Alcohol and Breastfeeding

 

Effects of alcohol

Levels of alcohol in breast milk remain close to those in the mother’s bloodstream. Levels will be at their highest between 30 and 60 minutes after drinking, or 90 minutes if you’ve been drinking with a meal. It takes two-to-three hours for a unit of alcohol (a small glass of wine, or half a pint of ordinary-strength beer) to leave a nursing mum’s milk.

While large amounts of alcohol in breast milk can have a sedative effect, it’s more likely to make your baby agitated and disrupt sleep patterns. Alcohol inhibits a mother’s let-down (the release of milk to the nipple). Studies have shown that babies take around 20% less milk if there’s alcohol present, so they’ll need to feed more often – although infants have been known to go on ‘nursing strike’, probably because of the altered taste of the milk.
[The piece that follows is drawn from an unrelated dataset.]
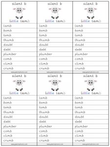 A convenient set of spelling lists containing ‘silent b’ words. Great for sticking into spelling books or sending home to learn for homework.

An occasional glass of wine is fine but binge or regular drinking above the recommended daily levels of two to three alcohol units is harmful to mum and baby. It is better not to drink every day but to keep alcohol for social occasions.
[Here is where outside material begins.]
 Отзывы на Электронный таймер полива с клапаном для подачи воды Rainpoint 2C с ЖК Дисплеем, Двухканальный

It is advised that if you do overdo it at a social occasions, breastfeeding probably isn’t wise. If you feel drunk and particularly if you have drunk enough to vomit, it is better not to breastfeed for 12 hours.

Alcohol is not locked into breast milk, so ‘pumping and dumping’ (expressing and discarding milk) is unnecessary. Mums may need to express milk for comfort if she has been drinking very heavily but as the alcohol level in her own body falls, the level will fall in her milk.